How Are Businesses Preparing For The Return To The Office?

A half full office Many large businesses have confirmed that they will approach with caution returning staff to the office, despite the government lifting of final Covid restrictions in England from Monday, July 19th.

The government confirmed yesterday that it will no longer ‘instruct’ people to work at home but many companies have made it known that they do not plan to bring all staff back to the office.

Many major companies have said they will opt for a staggered approach for employees, with the BBC reporting on the decisions of several major firms.

Deloitte said it will increase the number of staff allowed to work in its offices to 50% capacity from next week, but the accountancy firm expects that level to stay in place until September. Deloitte currently operates its offices at 30% capacity and employees have to book desks. A spokeswoman for the firm said it had always intended to take a "gradual approach" to moving staff back to its sites.

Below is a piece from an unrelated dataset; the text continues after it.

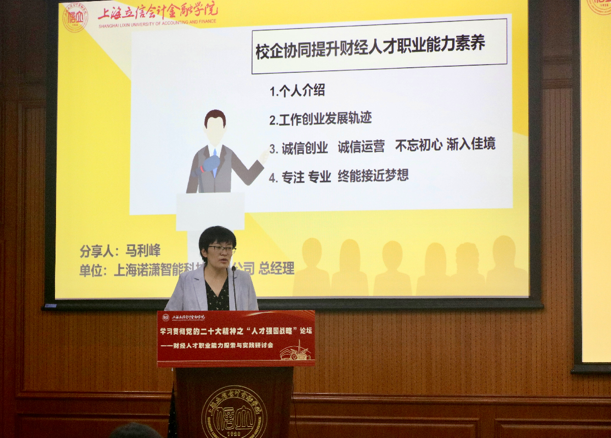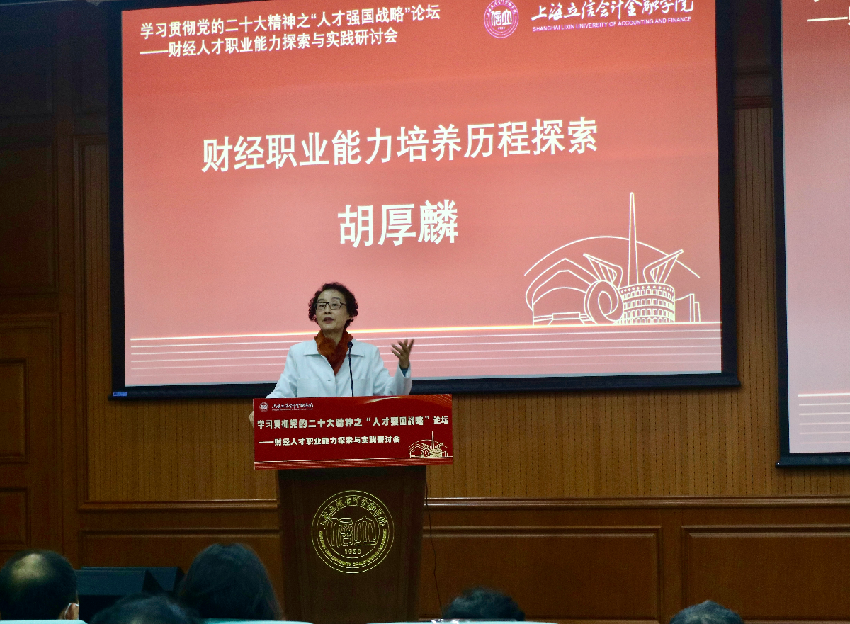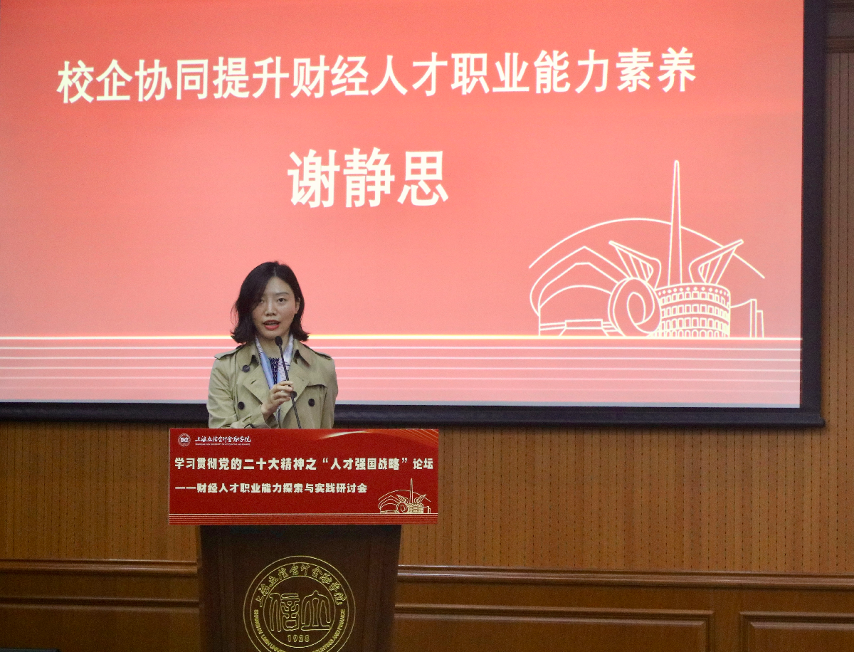 胡厚麟、马利峰、谢静思分别围绕“财经职业能力培养历程探索”和“校企协同提升财经人才职业能力素养”等发表了主旨演讲。胡厚麟满怀深情地回顾了立信夜大(继续教育学院、国际财经学院前身)的发展历程。她指出,立信会计补习学校是潘序伦先生“三位一体”会计事业的重要组成部分,学校历来重视教学质量、教学方法和教学效果,注重实务训练、坚持学习与实验并重,赢得了良好的社会声誉。她勉励大家在新的发展起点上,依靠特色优势学科、加强师资队伍建设、重视教学手段革新、关注受教育者需求,探索与实践契合继续教育发展规律的财经人才能力素养培养的新模式,奋力开创改革发展的新局面。马利峰和谢静思作为资深业界人士和立信校友,结合自身成长经历和职场经验,交流了对财经人才职业能力培养内容和方式的看法。校企合作是培育专业人才的有效方法和途径,离不开企业和学校的共同努力,企业将持续加强与学院在人才培养模式改革、实训基地建设和实习就业等方面的合作,全力助推人才培养的高质量发展。

NatWest has confirmed that it will bring staff back to the office from 19 July but it will only be a small number of "priority workers". Whilst the insurance group Aviva said it expects ‘to see more of our people returning’. However, it is understood that ‘the vast majority of people at Aviva want to work flexibly in future’ and employees will combine going into the office with working from home.

On Monday, the PM confirmed that final restrictions aimed at stopping the spread of Covid will be lifted in England from July 19th, including the guidance on office working but then also said that it ‘would expect that office workers make a gradual return over the summer’. With continued uncertainty about rising cases in areas, many businesses are approaching the subject with trepidation, and the first and foremost priority has to be the safety of their staff and visitors / customers.